Everything in the listing below should be written out again exactly, except the pictures.
[[ DATA BLOCK, beginning ]]
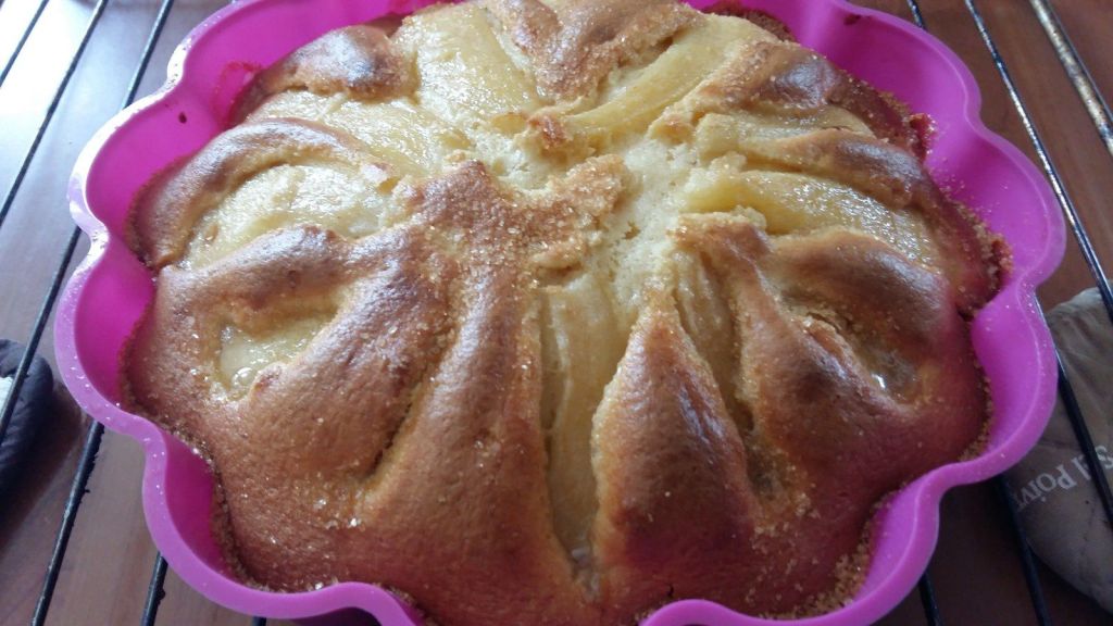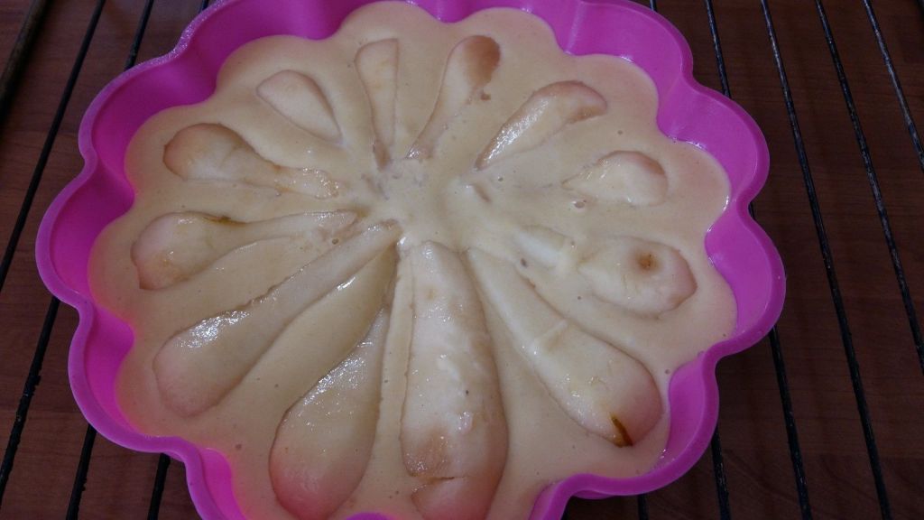 - Éplucher les poires, couper les en 4 quartiers et les disposer sur la pâte en formant une rosace.
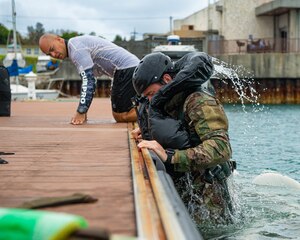 U.S. Air Force survival, evasion, resistance and escape specialists with the 18th Operational Support Squadron, train and instruct aircrew members during a combat survival training course at Kadena Air Base, Japan, March 18, 2021. CST is a SERE taught course that prepares aircrew members for the
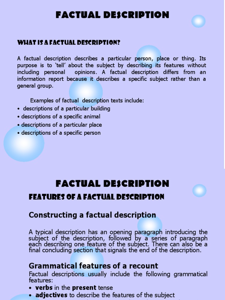 While writing a factual description follow these general rules. The appropriate format and style must be followed. Sights sounds smell 6. Factual description people duration.
[[ DATA BLOCK, end ]]
# FINAL ANSWER
 - Éplucher les poires, couper les en 4 quartiers et les disposer sur la pâte en formant une rosace.
 U.S. Air Force survival, evasion, resistance and escape specialists with the 18th Operational Support Squadron, train and instruct aircrew members during a combat survival training course at Kadena Air Base, Japan, March 18, 2021. CST is a SERE taught course that prepares aircrew members for the
 While writing a factual description follow these general rules. The appropriate format and style must be followed. Sights sounds smell 6. Factual description people duration.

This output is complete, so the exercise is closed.